Inference Time
Times presented in the tables are measured as consecutive runs of the model. Initial run times may be up to 2x longer due to model loading and initialization.
Classification
| Model | iPhone 17 Pro (Core ML) [ms] | iPhone 16 Pro (Core ML) [ms] | iPhone SE 3 (Core ML) [ms] | Samsung Galaxy S24 (XNNPACK) [ms] | OnePlus 12 (XNNPACK) [ms] |
|---|---|---|---|---|---|
| EFFICIENTNET_V2_S | 64 | 68 | 217 | 205 | 198 |
Object Detection
| Model | iPhone 17 Pro (XNNPACK) [ms] | iPhone 16 Pro (XNNPACK) [ms] | iPhone SE 3 (XNNPACK) [ms] | Samsung Galaxy S24 (XNNPACK) [ms] | OnePlus 12 (XNNPACK) [ms] |
|---|---|---|---|---|---|
| SSDLITE_320_MOBILENET_V3_LARGE | 71 | 74 | 257 | 115 | 109 |
Style Transfer
| Model | iPhone 17 Pro (Core ML) [ms] | iPhone 16 Pro (Core ML) [ms] | iPhone SE 3 (Core ML) [ms] | Samsung Galaxy S24 (XNNPACK) [ms] | OnePlus 12 (XNNPACK) [ms] |
|---|---|---|---|---|---|
| STYLE_TRANSFER_CANDY | 1400 | 1485 | 4255 | 2510 | 2355 |
| STYLE_TRANSFER_MOSAIC | 1400 | 1485 | 4255 | 2510 | 2355 |
| STYLE_TRANSFER_UDNIE | 1400 | 1485 | 4255 | 2510 | 2355 |
| STYLE_TRANSFER_RAIN_PRINCESS | 1400 | 1485 | 4255 | 2510 | 2355 |
OCR
Notice that the recognizer models were executed between 3 and 7 times during a single recognition. The values below represent the averages across all runs for the benchmark image.

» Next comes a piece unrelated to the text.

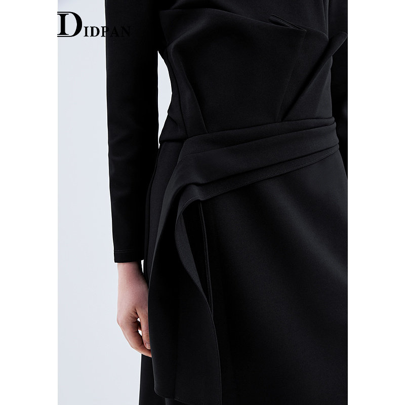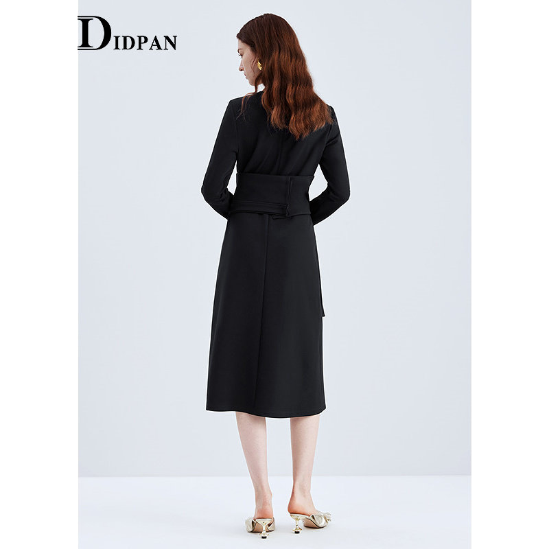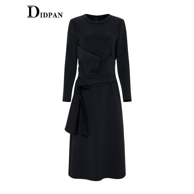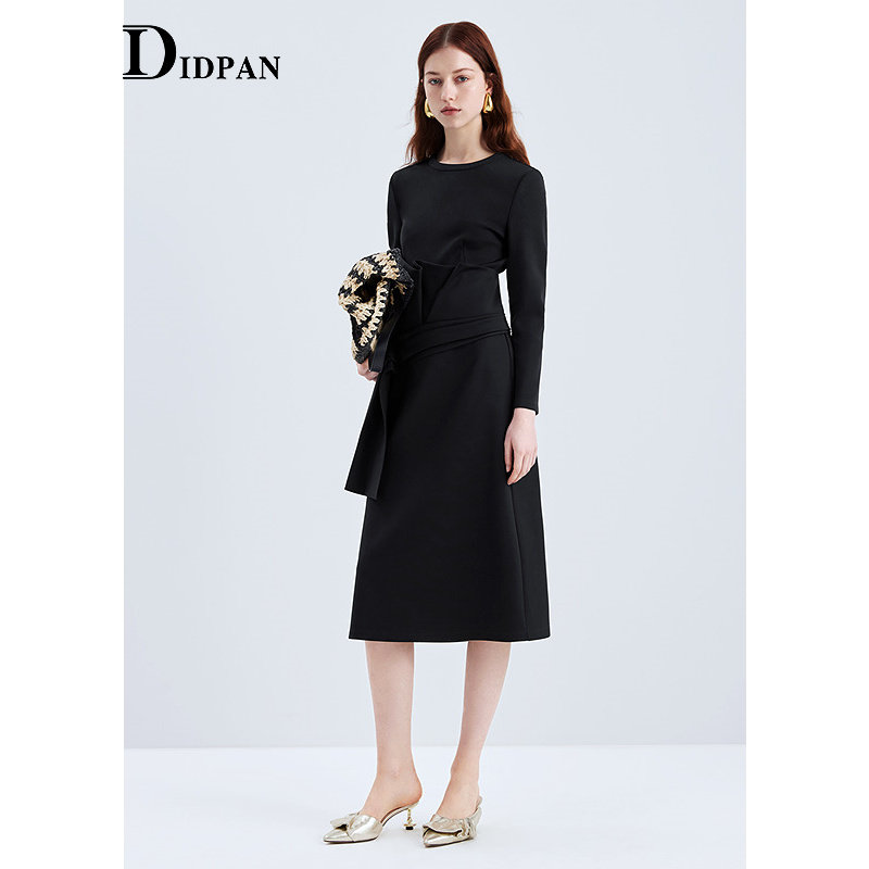 IDPAN长袖连衣裙女春季新款气质简约百搭收腰显瘦设计感裙子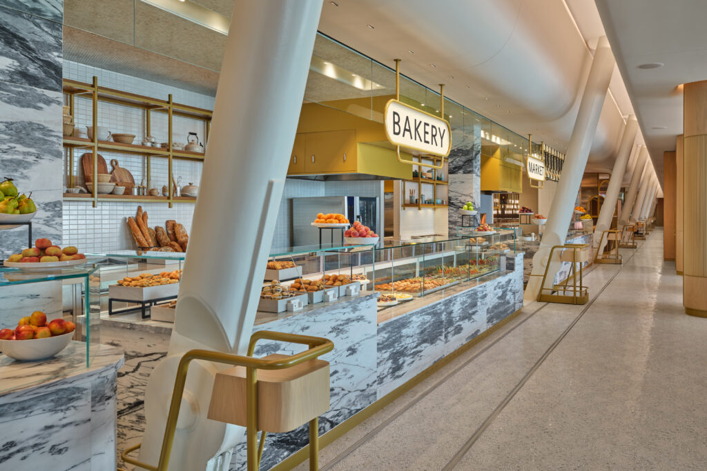 Ein wichtiger Bestandteil der Lounge wird natürlich das Restaurant und die Bar sein, wo man ein deutlich hochwertigeres Angebot bieten will, als in den normalen Lounges. Interessanterweise wird man kein a la carte Essen anbieten, aber an mehreren Stationen in der Lounge, wird man sich wie an einem modernen Hotel Buffet verschiedene Speisen nehmen können.

| Model | iPhone 17 Pro (XNNPACK) [ms] | iPhone 16 Pro (XNNPACK) [ms] | iPhone SE 3 (XNNPACK) [ms] | Samsung Galaxy S24 (XNNPACK) [ms] | OnePlus 12 (XNNPACK) [ms] |
|---|---|---|---|---|---|
| Detector (CRAFT_800_QUANTIZED) | 220 | 221 | 1740 | 521 | 492 |
| Recognizer (CRNN_512) | 45 | 38 | 110 | 40 | 38 |
| Recognizer (CRNN_256) | 21 | 18 | 54 | 20 | 19 |
| Recognizer (CRNN_128) | 11 | 9 | 27 | 10 | 10 |
Vertical OCR
Notice that the recognizer models, as well as detector CRAFT_320 model, were executed between 4 and 21 times during a single recognition. The values below represent the averages across all runs for the benchmark image.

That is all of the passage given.